**Records from a dataset:**
----------
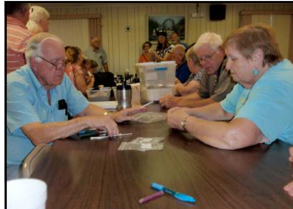
Members deep in discussion.
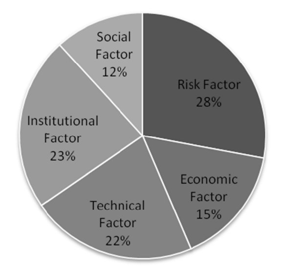
Figure 3. Categorical barriers to LID adoption

The maximum response for any category is 15.
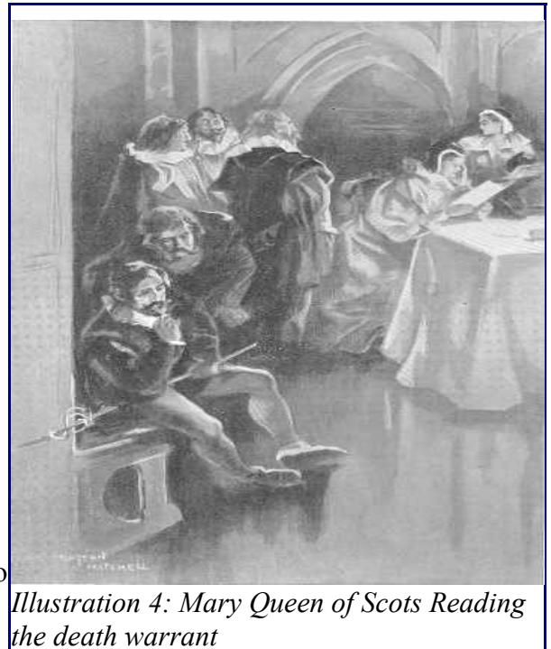
Illustration 4: Mary Queen of Scots Reading the death warrant

She, feeling sure that her time was now come, wrote a letter to the Queen of England, making three
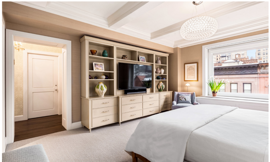
Phillip Jeffries grasscloth walls, custom dresser/shelving piece
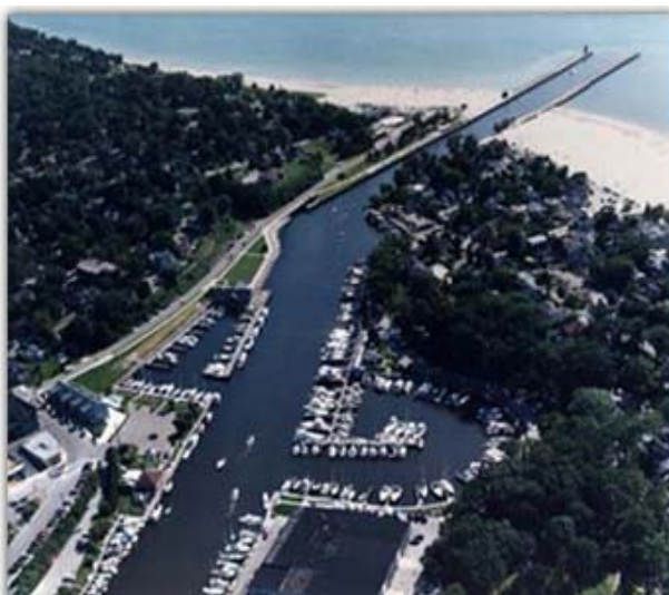
City of South Haven

-The final section addresses city policies and provides concrete policies to enact the vision and goals of the plan. A future land use map is included in the plan.
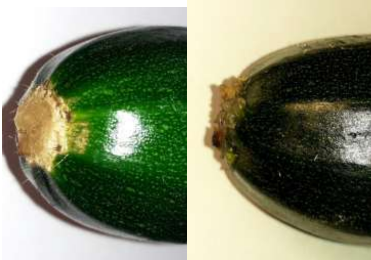
NEW PHOTO - provided by Italy

“Jelly exudates are not considered foreign matter in courgettes. However, these exudates can also detract from commercial presentation and acceptance of courgettes. Thus, courgettes must be practically free of visible dried exudates . Wet jelly exudates are not acceptable . Deposits or drops of dried jelly exudates in courgettes are only acceptable as exceptional . Its presence would be according the quality tolerances of the standard. In this sense, a 1% by number or weight of courgettes with presence of dried exudates will be accepted for Class I and the 10% in the case of Class II.”
----------
**WHAT IS REQUIRED:** Write every record out again exactly, omitting the pictures they hold.

**TASK RESULT:**
Members deep in discussion.
Figure 3. Categorical barriers to LID adoption

The maximum response for any category is 15.
Illustration 4: Mary Queen of Scots Reading the death warrant

She, feeling sure that her time was now come, wrote a letter to the Queen of England, making three
Phillip Jeffries grasscloth walls, custom dresser/shelving piece
City of South Haven

-The final section addresses city policies and provides concrete policies to enact the vision and goals of the plan. A future land use map is included in the plan.
NEW PHOTO - provided by Italy

“Jelly exudates are not considered foreign matter in courgettes. However, these exudates can also detract from commercial presentation and acceptance of courgettes. Thus, courgettes must be practically free of visible dried exudates . Wet jelly exudates are not acceptable . Deposits or drops of dried jelly exudates in courgettes are only acceptable as exceptional . Its presence would be according the quality tolerances of the standard. In this sense, a 1% by number or weight of courgettes with presence of dried exudates will be accepted for Class I and the 10% in the case of Class II.”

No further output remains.